Task to complete ->
Under this line sits a listing. Repeat exactly and only its lines from the one holding "今日の献立は、ご飯、牛乳、さつま汁、キャベツの炒め物、白身魚フライです。" through the one holding "Agora é possível"; skip pictures.

○ ○ ○

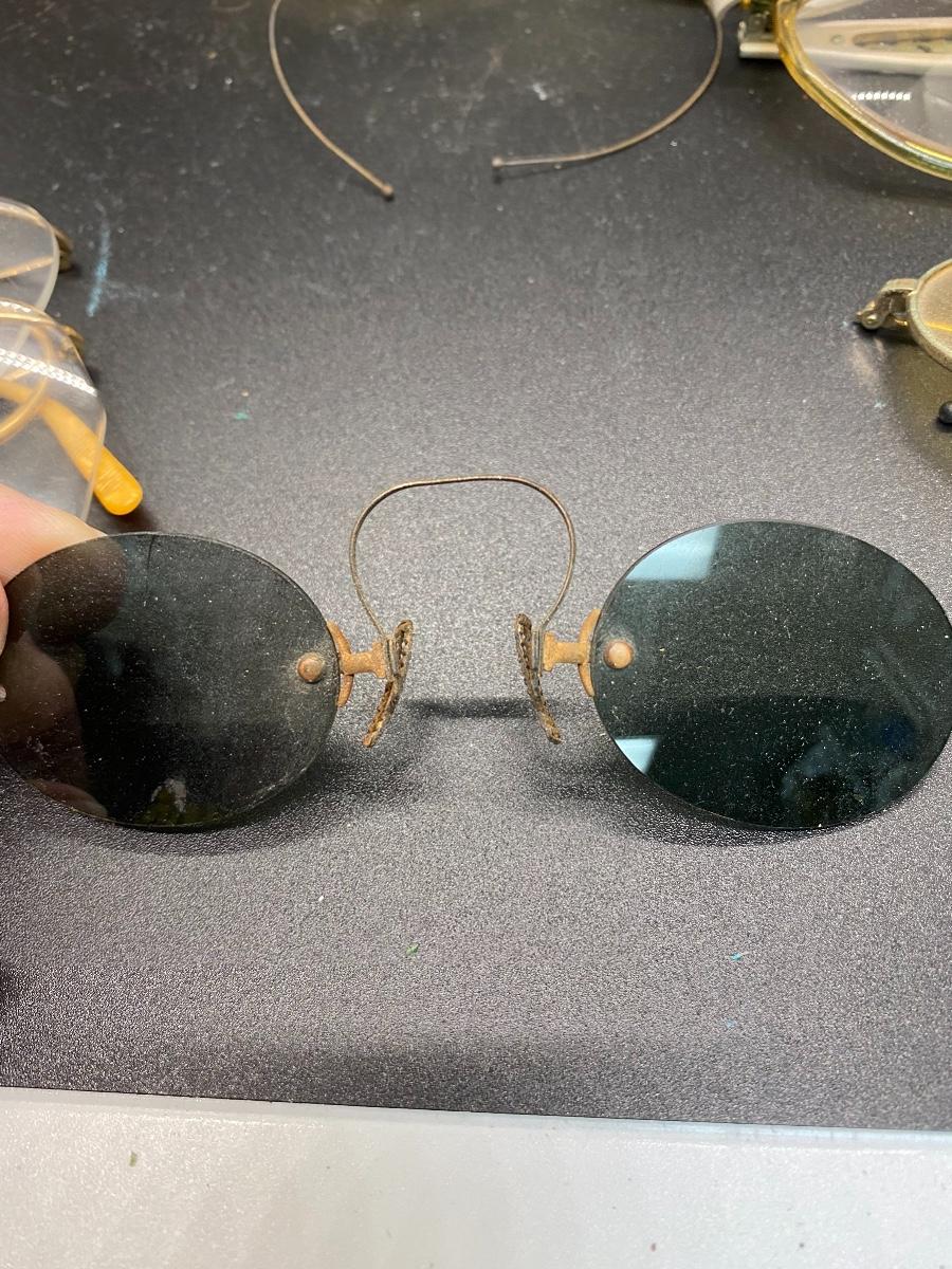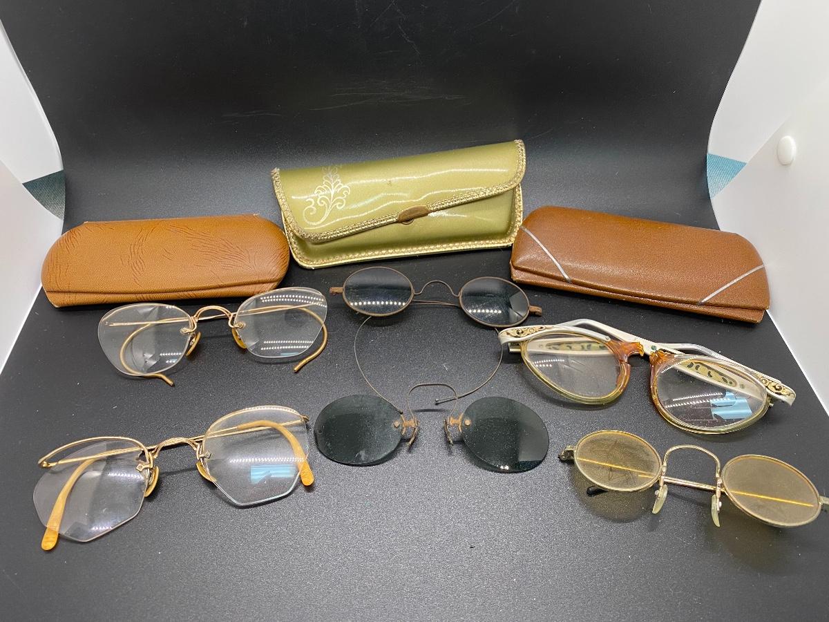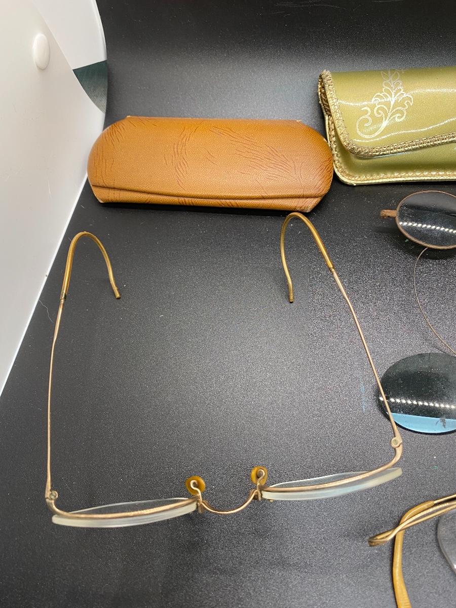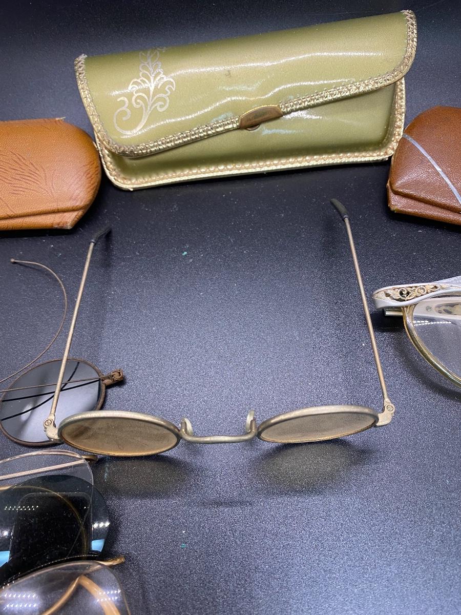 6 pairs of antique and vintage eyeglasses. For repair parts or display. Some have damage, one pair is broken.
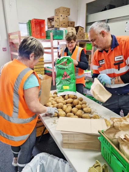Nourished for Nil helpers in action; a large part of the food-waste charity’s work is redistributing food that’s reached its best-by date or doesn’t reach customers’ cosmetic expectations.
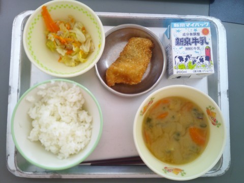 今日の献立は、ご飯、牛乳、さつま汁、キャベツの炒め物、白身魚フライです。
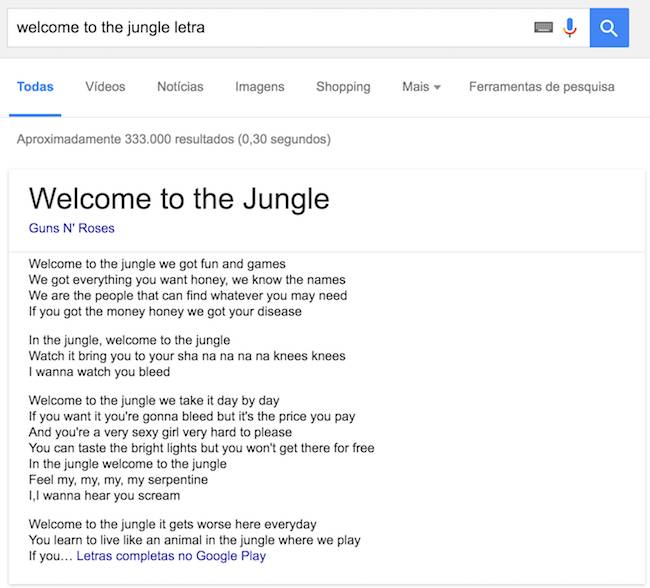 Agora é possível encontrar letras de músicas direto nas buscas do Google, sem precisar visitar outros sites. Uma parceria entre a gigante da web e a empresa canadense LyricFind tornou isso possível para letras licenciadas por de mais de 4000 empresas do ramo, incluindo as principais gravadoras do mundo.
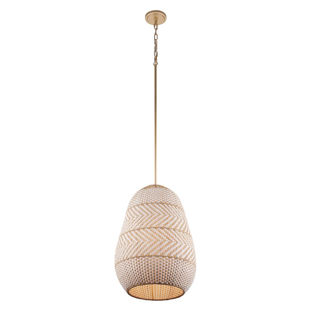 The Zanzibar Collection is an embodiment of laid-back luxe and thoughtful simplicity. By marrying the natural textures of natural rattan with white and/or black lanyard, the fixture introduces a striking color palette with a soft gold finish that instantly brings comfort and style to a living space Handcrafted with precision, the intricate weave introduces texture and depth to your décor. Whether suspended over a breakfast nook or in pairs above a kitchen island, the Zanzibar exudes an earthy, elegant charm that brings an artisanal touch to your decor.
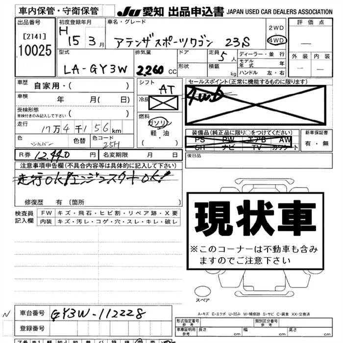 Mazda ATENZA WAGON с аукциона Японии JU Aichi лот № 10025
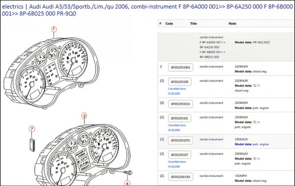 OEM genuine original part made in Europe by VDO. Carefully removed from a 2005 Jap-import Audi A3 8P 3.2L V6 petrol
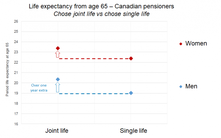 In contrast, participants in Canadian and US DB pension plans don’t automatically get a pension payable to their spouse. Instead the individual choses whether to take the pension in full payable to just themselves (“single life”), or to take a reduced pension with the continuation of (partial) pension upon their death to their spouse (“joint life). This difference means we can use the Canadian data to explore the “positive” impacts of companionship on longevity.

○ ○ ○

Output ->
 今日の献立は、ご飯、牛乳、さつま汁、キャベツの炒め物、白身魚フライです。
 Agora é possível encontrar letras de músicas direto nas buscas do Google, sem precisar visitar outros sites. Uma parceria entre a gigante da web e a empresa canadense LyricFind tornou isso possível para letras licenciadas por de mais de 4000 empresas do ramo, incluindo as principais gravadoras do mundo.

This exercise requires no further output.